A train track is 5280ft. long. After adding another foot of track, an arc is created. What is the height of the arc and how would i measure it?
FIND THE LEAST COMMON MULTIPLE OF 6,9
The maximum height is given by
[2640(5280) + h^2 = [2640(5280) + 0.50]^2^2 making h = 1.94 ft.
This assumes each half of the track buckles up as two triangles.
The true arc height change is not possible tocalulate on the normal scientific calculator, I believe.
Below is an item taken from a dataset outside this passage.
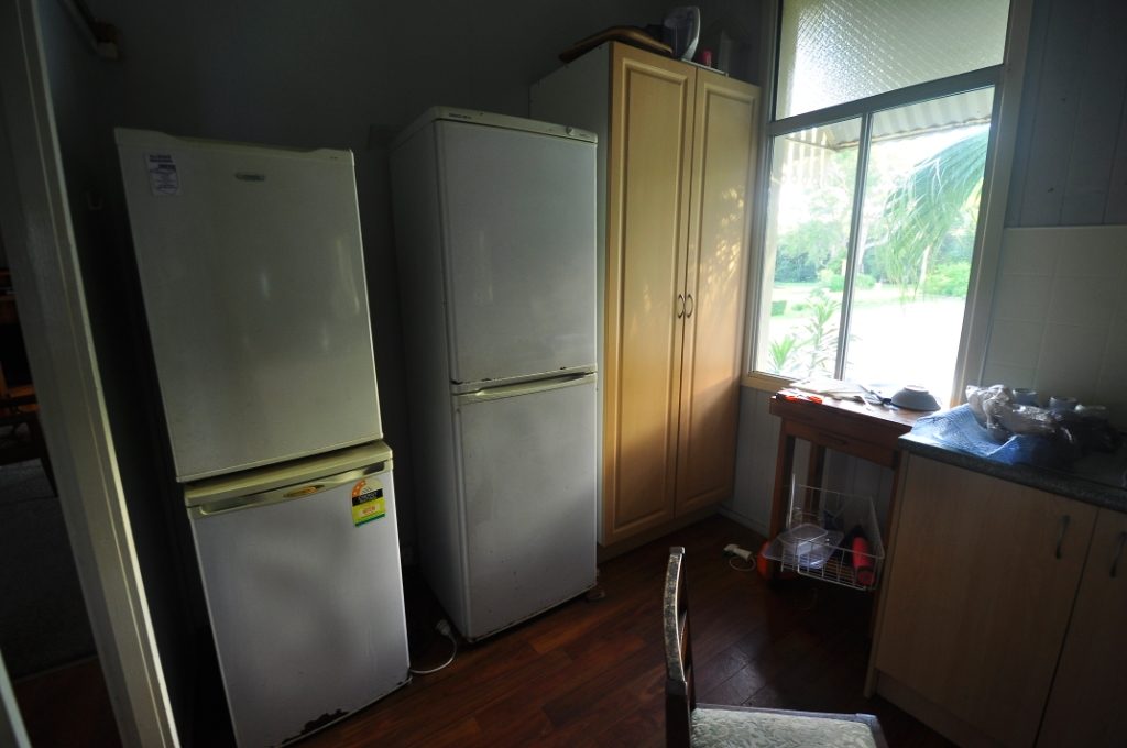こちらがキッチン。コンロが4つあり、冷蔵庫も4つある。

The arc height from the associated chord is given by h = R(1 - cos(µ/2) where R = the central radius and µ = the central angle subtended by the ars.
2+2=
The lcm of 6 and 9 is 18. It's 18 'cause 6times 3= 18 and 9 times 2=18.
To measure the height of the arc created by adding one foot of track to a train track length of 5280ft, you would need to make some assumptions and calculations.
First, let's assume that when the track is extended by one foot, it creates a symmetrical arc with the original track as its chord. In this case, you can consider each half of the track as two triangles.
To calculate the height of the arc, you can use the formula for the maximum height of an arc, which is given by:
h = √[(2R + c) * c]
where h is the height of the arc, R is the radius of the circle (which is half the length of the chord), and c is the length of the chord (5280ft).
Plugging in the given values, we have:
h = √[(2 * (5280/2) + 1) * 1]
= √[(5280 + 1) * 1]
= √[5281]
≈ 72.70ft
So, the height of the arc is approximately 72.70ft.
However, if you're trying to find the exact arc height from the associated chord, you would need to use a more advanced mathematical method involving trigonometry. The arc height can be calculated using the formula:
h = R * (1 - cos(θ/2))
where R is the central radius (again, half the length of the chord) and θ is the central angle subtended by the arc.
Now, switching to the second question...
To find the least common multiple (LCM) of 6 and 9, you can list out the multiples of each number and find the smallest common multiple.
Multiples of 6: 6, 12, 18, 24, 30, ...
Multiples of 9: 9, 18, 27, 36, 45, ...
The smallest number that appears in both lists is 18. Therefore, the LCM of 6 and 9 is 18.